Finely Stratified Rerandomization Designs
Max Cytrynbaum
TL;DR
The paper develops a theory for finely stratified rerandomization that combines tight pre-match grouping with within-group rerandomization to satisfy balance on nonlinear covariate features. It shows that such designs implement partially linear regression adjustment by design, yielding nonparametric control over stratification covariates and linear control over rerandomization covariates, and derives GMM-based asymptotics for both finite and superpopulation estimands. It introduces nonlinear rerandomization variants and proves their asymptotic equivalence to linear designs, then optimizes the acceptance region via a minimax criterion, potentially leveraging pilot data. The authors provide a framework for robust inference under stratified rerandomization, including variance bounds for finite-population parameters and ex-post adjustments that restore normality, with simulations and an Angrist 2013 application illustrating gains in estimating treatment-effect heterogeneity. Overall, the work expands the toolkit for causal inference under data-adaptive stratification, offering practical guidance on design choices and inference procedures that exploit both nonparametric balance and semiparametric efficiency.
Abstract
We study estimation and inference on causal parameters under finely stratified rerandomization designs, which use baseline covariates to match units into groups (e.g. matched pairs), then rerandomize within-group treatment assignments until a balance criterion is satisfied.
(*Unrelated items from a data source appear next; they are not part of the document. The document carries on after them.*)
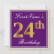 Este sencillo y elegante diseño de invitación para fiestas de cumpleaños incluye un mensaje personalizado como "Cumpleaños 24 de FirstName" (con el "24" con un aspecto de color falso/imitación de oro) dentro de un área cuadrada de color morado con un simple contorno fronterizo. El nombre se encuentra en un texto elegante de color blanco tipo script, y se puede personalizar. En la parte posterior se incluyen detalles de la invitación al personalizable. Una invitación de cumpleaños como esta podría ser usada cuando se invita a la gente a una fiesta de cumpleaños para alguien que está celebrando su vigésimo cuarto cumpleaños. [~Z0000226]
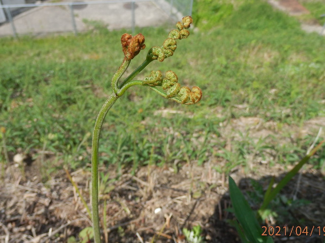貯水池に登る陽当たりののよい斜面にワラビが生えています。誰も採らないので、けっこうありました。
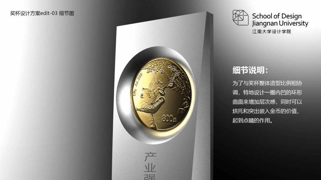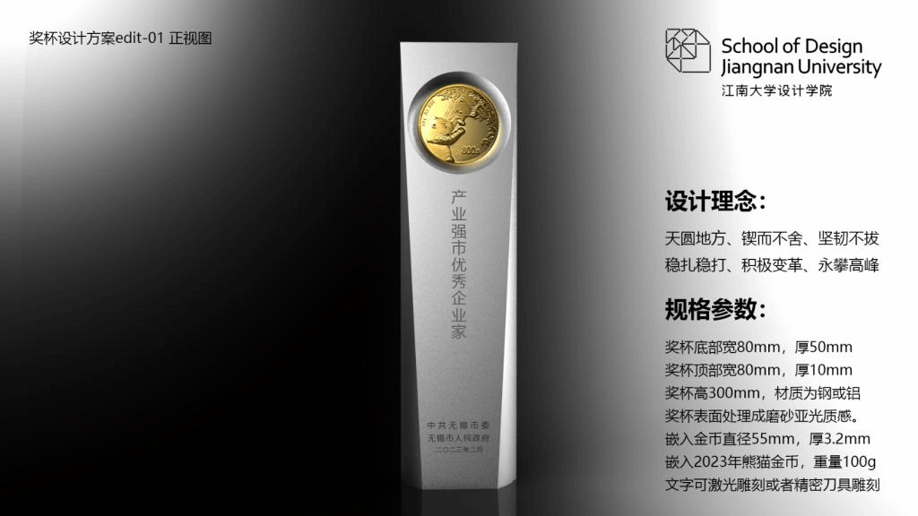 刘颜楷副教授承担了本次大会“产业强市优秀企业家”荣誉奖杯的设计工作,以“纪念碑和丰碑为原型,融入江南中式之意境,体现科技感和现代感”的设计理念,通过简洁而富有变化的立体造型和细节层次感,表现无锡优秀企业家“尚德务实、坚忍不拔、锲而不舍、稳扎稳打、积极变革、勇攀高峰”的优秀品格。整个过程从创意、设计、定稿、制作到成品,都体现了天美传媒
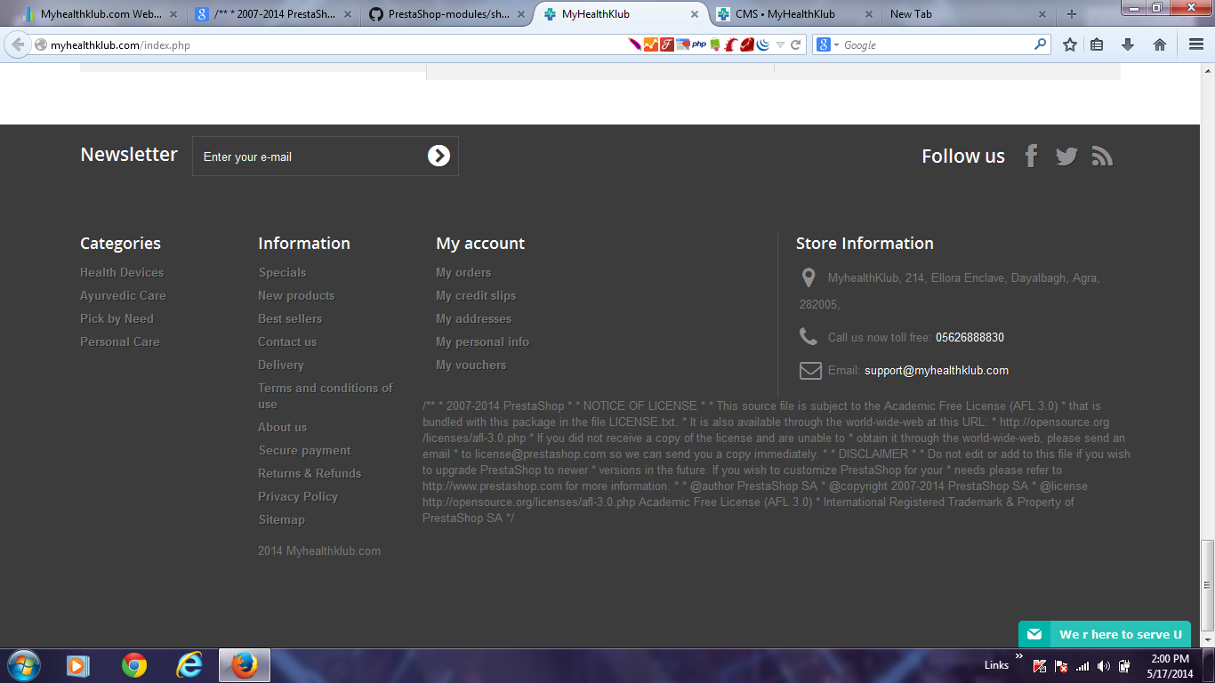 [email protected] Posted May 17, 2014 Share Posted May 17, 2014 Hi, suddenly in my shop's footer I am getting this test displayed /** * 2007-2014 PrestaShop * * NOTICE OF LICENSE * * This source file is subject to the Academic Free License (AFL 3.0) * that is bundled with this package in the file LICENSE.txt. * It is also available through the world-wide-web at this URL: * http://opensource.org/licenses/afl-3.0.php * If you did not receive a copy of the license and are unable to * obtain it through the world-wide-web, please send an email * to [email protected] so we can send you a copy immediately. * * DISCLAIMER * * Do not edit or add to this file if you wish to upgrade PrestaShop to newer * versions in the future. If you wish to customize PrestaShop for your * needs please refer to http://www.prestashop.com for more information. * * @author PrestaShop SA * @copyright 2007-2014 PrestaShop SA * @license http://opensource.org/licenses/afl-3.0.php Academic Free License (AFL 3.0) * International Registered Trademark & Property of PrestaShop SA */ How to remove this please guide me. Any one can visit the site and see it in footer. my website is www.myhealthklub.com Link to comment Share on other sites More sharing options...
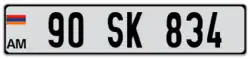 Vehicle registration plates of Armenia have black characters on a rectangular white background. They are composed of two or three numbers, two letters (smaller than the digits) in the middle, and two (or three) other numbers. At the left side is located the international code "AM" with an oval car plaque and, sometimes, the national flag. Starting from 6 August 2014 a new design of license plates was implemented.[1] The license plates have a national flag on the left side, a security hologram and a machinery readable Data Matrix Code.
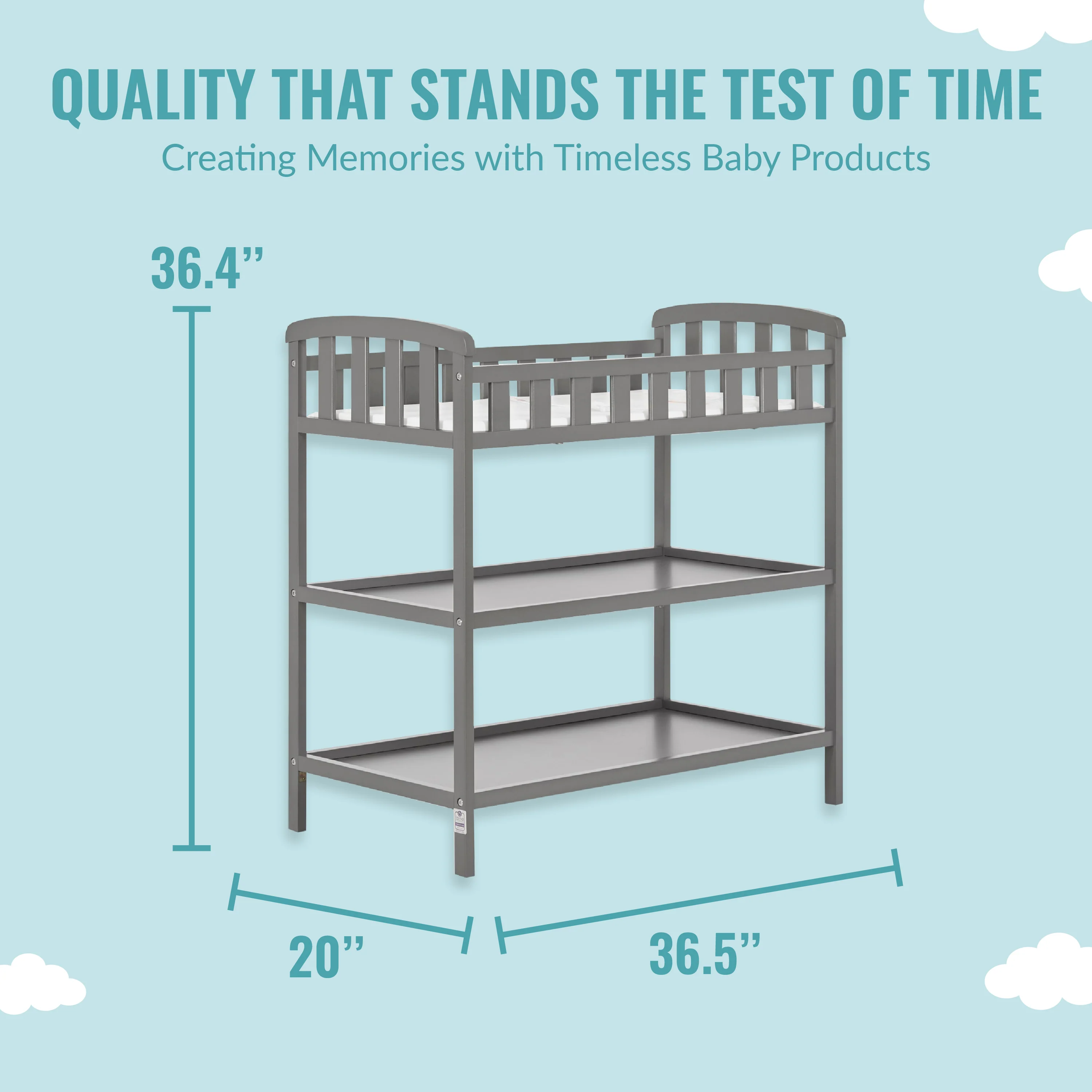 - GREAT STORAGE: The Emily comes with two easy-to-reach, spacious shelves below the changing table that allow you to keep your LOs essentials neatly organized and easy to access. Product dimensions are 36.5L x 20W x 39H inches
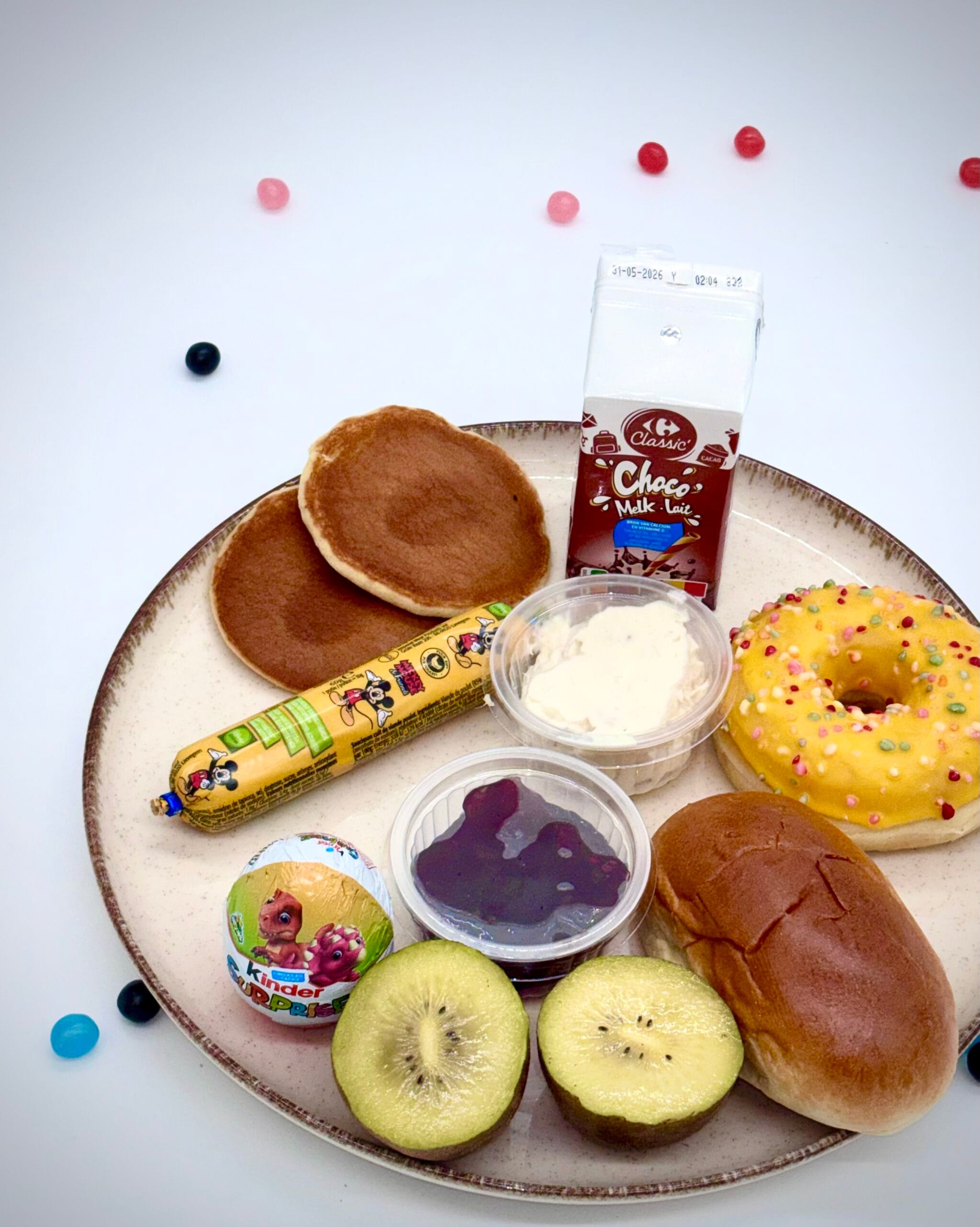 Donut, sandwich, mini pancakes, kipsalade, confituur, surprise ei, mickey worstje, gele kiwi & chocomelk.

We show that finely stratified rerandomization does partially linear regression adjustment by design, providing nonparametric control over the stratified covariates and linear control over the rerandomized covariates. We introduce several new forms of rerandomization, allowing for imbalance metrics based on nonlinear estimators, and proposing a minimax scheme that minimizes the computational cost of rerandomization subject to a bound on estimation error. While the asymptotic distribution of GMM estimators under stratified rerandomization is generically non-normal, we show how to restore asymptotic normality using ex-post linear adjustment tailored to the stratification. We derive new variance bounds that enable conservative inference on finite population causal parameters, and provide asymptotically exact inference on their superpopulation counterparts.